The operations I use are torch.index_select(), torch.sqrt(), torch.mean() and torch.sum(), along with +, -, and ** (power).

If absolutely necessary I can share the function here if that helps (although I’m avoiding posting it here as it’s research related).

Given that err is a scalar, you simply can’t pass three values to err.backward(). Passing in a single value should be enough. PyTorch should backpropagate it properly.

That said, if I understand you correctly, you are running one model in parallel on 3 GPUs, in which case you will need to somehow synchronise the updates between the three of them, otherwise you will have three models that diverge from each other.

@jpeg729 When you run one model in parallel on 3 GPUs the error is duplicated I think. The reason for 3 values is due to an error telling me it was necessary ;-).

But you’re right about synchronizing the updates. I take the mean (torch.mean()) of the 3 outputs.

Did you mean that you take the mean of the 3 sets of gradients before applying the update?

If you meant to say that you take the mean of the 3 model outputs, then I am fairly certain that won’t work because PyTorch is smart enough to know where the 3 parts came from and backpropagate accordingly.

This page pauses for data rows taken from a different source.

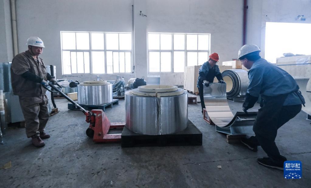 5月2日,在位于浙江省嘉興市秀洲區王店鎮的浙江振申絕熱科技股份有限公司聚氨酯車(chē)間內,工人在進(jìn)行管托安裝工序。
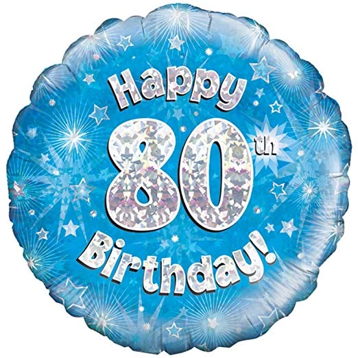 Qualatex Balloons 18″ Oaktree Happy 80th Birthday Holographic Blue & Silver Foil Balloon
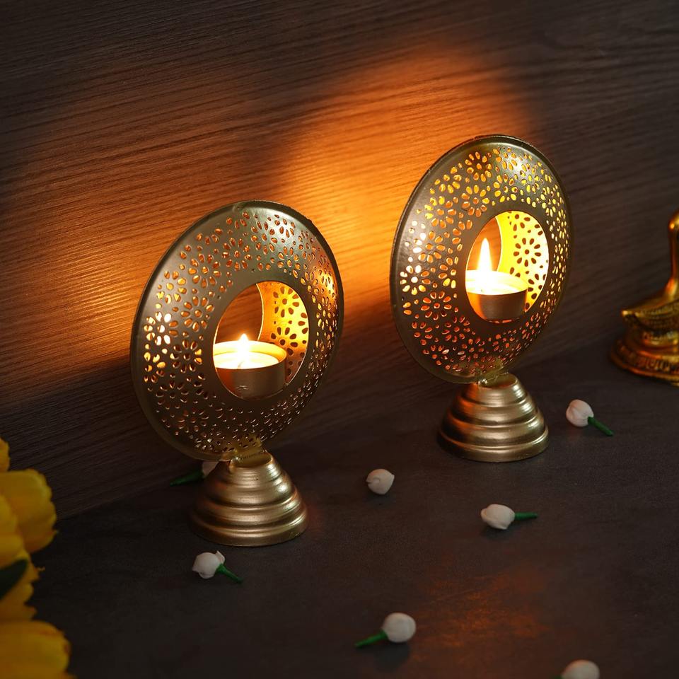 Designer Gold Metal Tealight Holder Decorative Candle Stand for Home Temple Festival Christmas Celebration
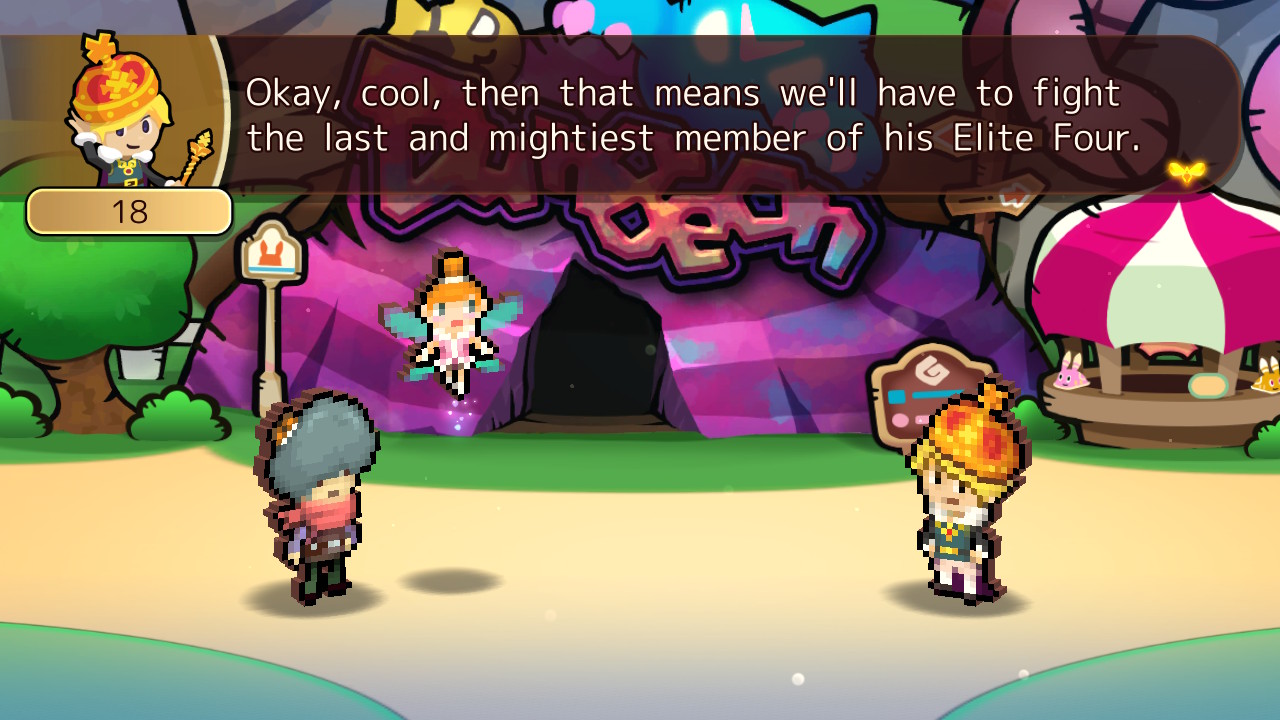 There’s plenty of emphasis on non-satirical humor as well, from slapstick and wordplay to jabs at fan and gaming culture, and even references to classic and modern gaming jokes. Your fairy companion Lua, for example, is the Exposition Fairy, who speaks for all the silent protagonists, like you, who work in the park.
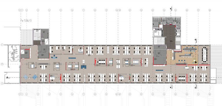 Im Rahmen der Layoutplanung werden die Vorgaben des SmartWork-Konzepts von BOSCH für insgesamt 130 Mitarbeiter umgesetzt. Jedes Geschoss bietet eine Lounge sowie unterschiedliche Angebote zur Zusammenarbeit an.
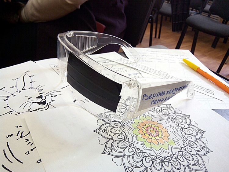 На мастерской с помощью специальных очков-тренажеров родители и педагоги ощутили, как выглядит всё вокруг в восприятии ребенка с особенностью. Первый час мастерской был построен на примере уроков в школе, где взрослые играли роль детей.
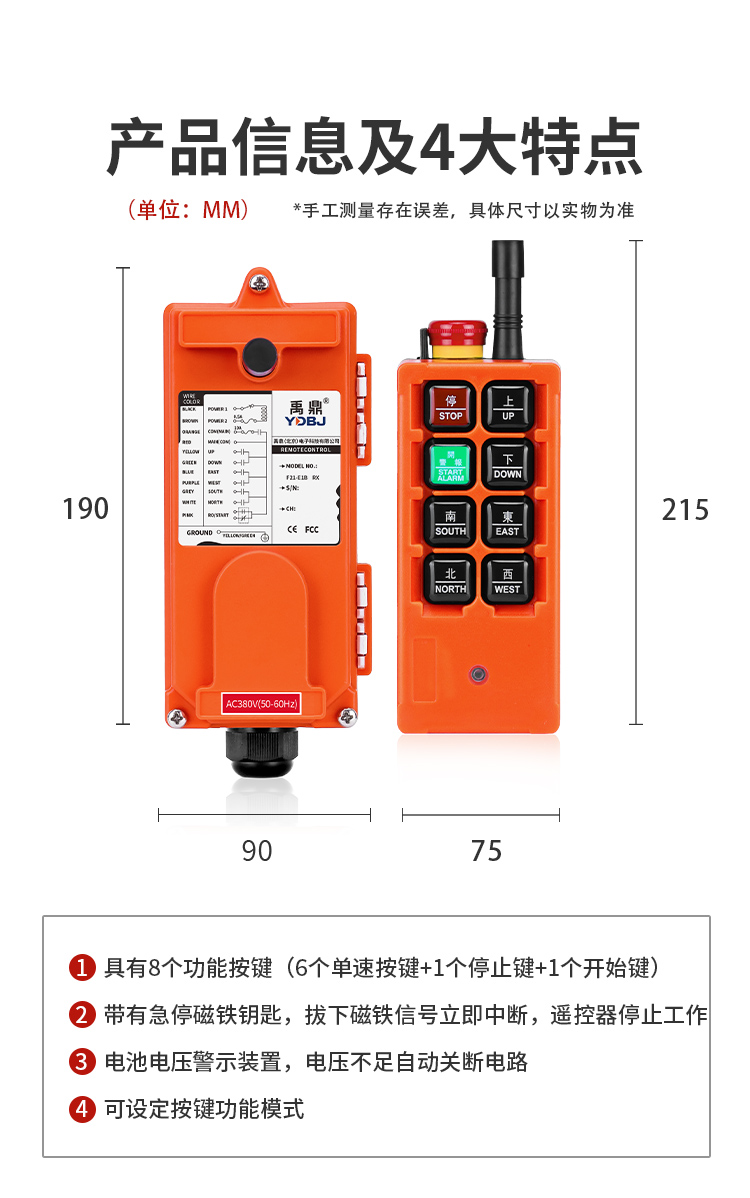 產(chǎn)品廣泛應(yīng)用于機(jī)械、建筑、冶金、汽車、化工、鐵路、施工等可實(shí)現(xiàn)遙控操作的設(shè)備及場(chǎng)所。
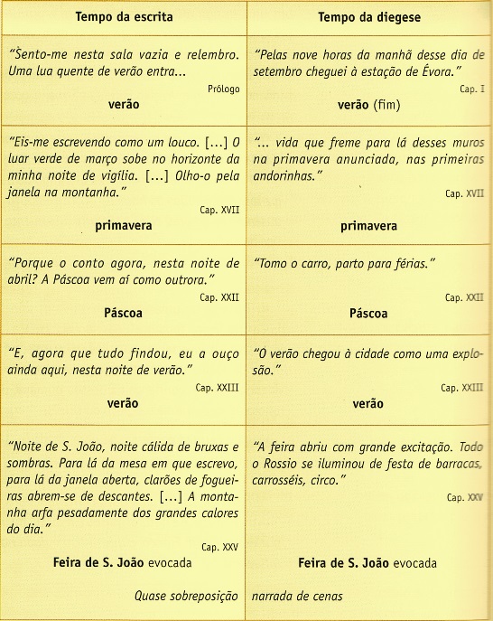 escrita) e as peripécias da diegese / história (tempo da
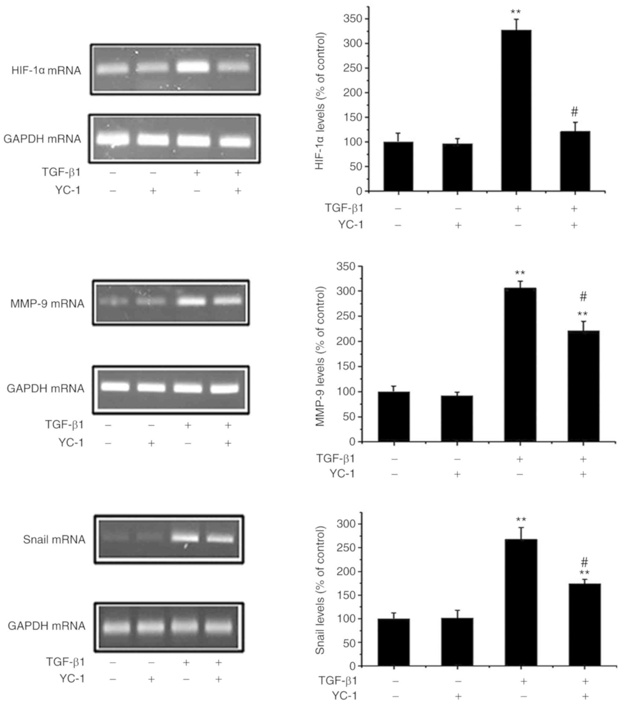 HIF-1α can induce EMT and metastasis in cancer cells (18). Next, it was ascertained whether a loss of HIF-1α negatively affects the Snail/MMP pathways. As shown in Fig. 5, the HIF-1α inhibitor YC-1 not only downregulated HIF-1α expression, but markedly inhibited the upregulation of Snail and MMP-9 in response to TGF-β1. These data provide evidence that HIF-1α activates Snail/MMP-9 expression and that inhibition of HIF-1α attenuates EMT in MG-63 cells.
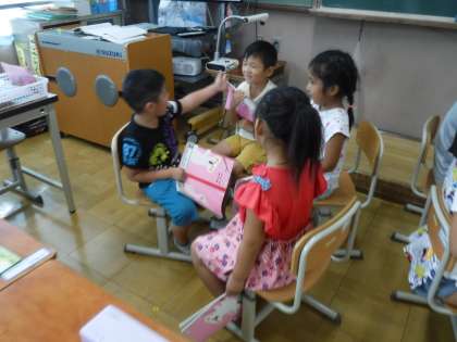 国語で自分の好きなことを友だちに書いて知らせる学習をしました。
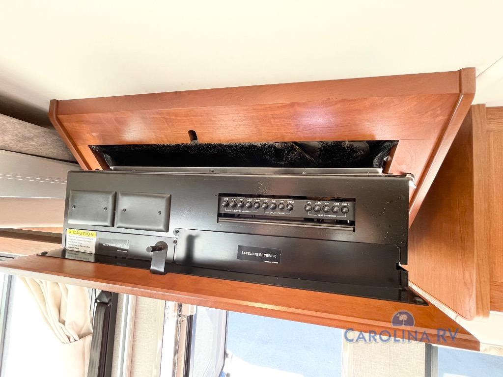 When you take a trip in this Vista Class A gas motorhome, you take a trip in style. The modern flourishes, like the vinyl flooring and framed wall mirror, are what add a touch of elegance to this motorhome. The rear private bedroom allows you to escape the chaos each evening while the rest of the family gathers in the living room to watch a movie on the 40" HDTV. Powered ventilator fans are located throughout the coach to keep fresh air constantly circulating, and the tinted windows keep the sun's harmful rays from damaging the beautiful interior of this motorhome.
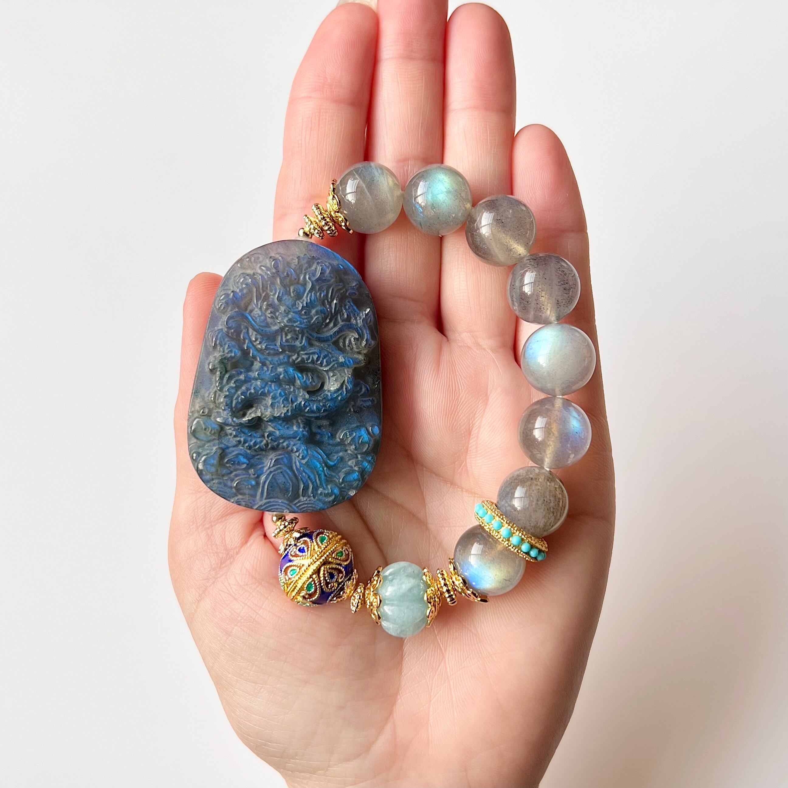アジア圏の装飾をイメージした、大きなラブラドライトの龍彫りがメインのデザインブレスレットです
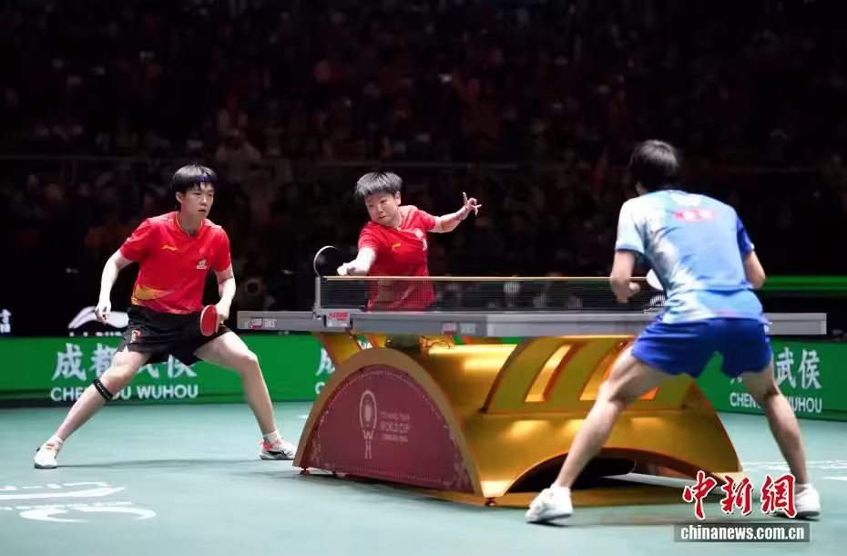 12月6日,四川成都,中國隊隊員王楚欽(左一)與孫穎莎(左二)在混合雙打比賽中。當日,2025年成都國際乒聯混合團體世界盃第二階段比賽中,中國隊以8:5戰勝日本隊。
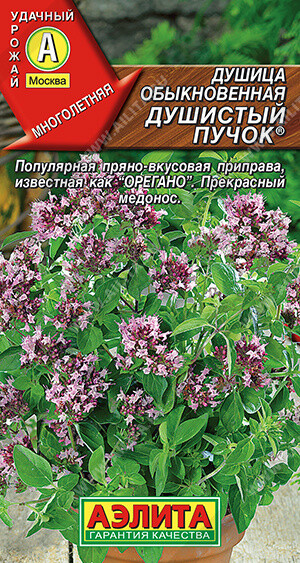 Душица (орегано) – ароматный лекарственный многолетник, отличный медонос. Растения формируют хорошо облиственные кустики высотой 25-30 см, диаметром 45-50 см. Свежая и сушеная зелень дущицы используется в кулинарии в качестве пряно-вкусовой приправы и для приготовления чая. Уборку урожая проводят во время цветения, начиная со второго года вегетации. Растения срезают на высоте 15-20 см от поверхности почвы. В фазе 4-5 пар настоящих листьев сеянцы пикируют. На одном месте выращивают не более 4-5 лет с ограничением разрастания.

In other words, if model1 produces a large loss on sample1, and model2 produces a small loss on sample2, then model1 will get larger gradients even if you average the losses before backpropagating.

I take the mean of the model outputs. It hasn’t caused any issues so far–the network converges and training seems to be working. It’s only when I add a custom term to the loss that things get wonky.

This type of setup is a little too far outside what I am used to, I’d better shut up before I say something stupid.

Hopefully someone else can help.

@jpeg729 No worries. I get your point: the three parallel networks ought to have the same same gradients to train identically, but I think PyTorch’s DataParallel module automatically sums the gradients before backprop. I will check that out.

All of this being said, this is exchange has tangential to my original question.

Anyone know why torch.mean(A) over when A is a BATCH_SIZE x 1 variable with requires_grad=True doesn’t seem to stay reduced on backward()?

Hi, Marc,

I got the same error during loss.backward().
RuntimeError: The size of tensor a (501) must match the size of tensor b (434) at non-singleton dimension 0

Have you solved this error? Any hint?